• _Work required_
Copy every entry below verbatim, except for images.

• _Task data_

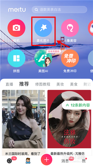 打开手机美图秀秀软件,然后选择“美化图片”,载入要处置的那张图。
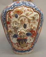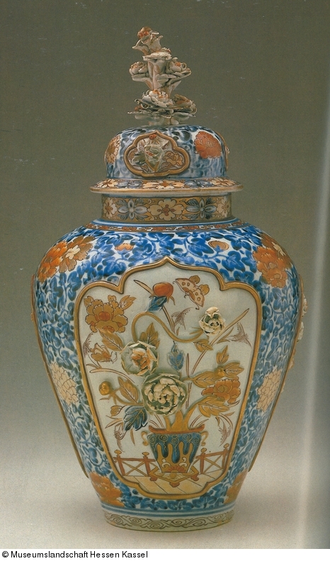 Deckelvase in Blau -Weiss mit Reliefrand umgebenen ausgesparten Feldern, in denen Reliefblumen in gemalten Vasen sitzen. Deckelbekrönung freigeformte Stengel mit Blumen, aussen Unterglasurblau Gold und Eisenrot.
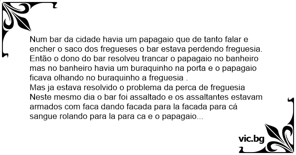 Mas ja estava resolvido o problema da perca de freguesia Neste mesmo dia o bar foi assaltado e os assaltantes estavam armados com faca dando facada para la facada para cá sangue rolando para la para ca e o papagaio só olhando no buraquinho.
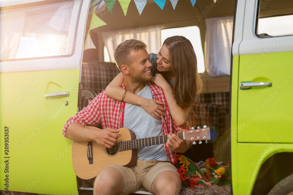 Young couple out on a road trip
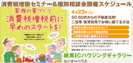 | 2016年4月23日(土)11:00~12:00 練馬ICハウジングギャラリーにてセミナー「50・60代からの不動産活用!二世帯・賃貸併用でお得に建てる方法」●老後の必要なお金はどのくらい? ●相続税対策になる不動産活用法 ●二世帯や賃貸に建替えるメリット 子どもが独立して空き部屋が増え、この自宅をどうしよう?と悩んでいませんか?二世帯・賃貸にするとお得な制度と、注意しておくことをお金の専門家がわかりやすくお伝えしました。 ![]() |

• _Your response_
 打开手机美图秀秀软件,然后选择“美化图片”,载入要处置的那张图。
 Deckelvase in Blau -Weiss mit Reliefrand umgebenen ausgesparten Feldern, in denen Reliefblumen in gemalten Vasen sitzen. Deckelbekrönung freigeformte Stengel mit Blumen, aussen Unterglasurblau Gold und Eisenrot.
 Mas ja estava resolvido o problema da perca de freguesia Neste mesmo dia o bar foi assaltado e os assaltantes estavam armados com faca dando facada para la facada para cá sangue rolando para la para ca e o papagaio só olhando no buraquinho.
 Young couple out on a road trip
 | 2016年4月23日(土)11:00~12:00 練馬ICハウジングギャラリーにてセミナー「50・60代からの不動産活用!二世帯・賃貸併用でお得に建てる方法」●老後の必要なお金はどのくらい? ●相続税対策になる不動産活用法 ●二世帯や賃貸に建替えるメリット 子どもが独立して空き部屋が増え、この自宅をどうしよう?と悩んでいませんか?二世帯・賃貸にするとお得な制度と、注意しておくことをお金の専門家がわかりやすくお伝えしました。 ![]() |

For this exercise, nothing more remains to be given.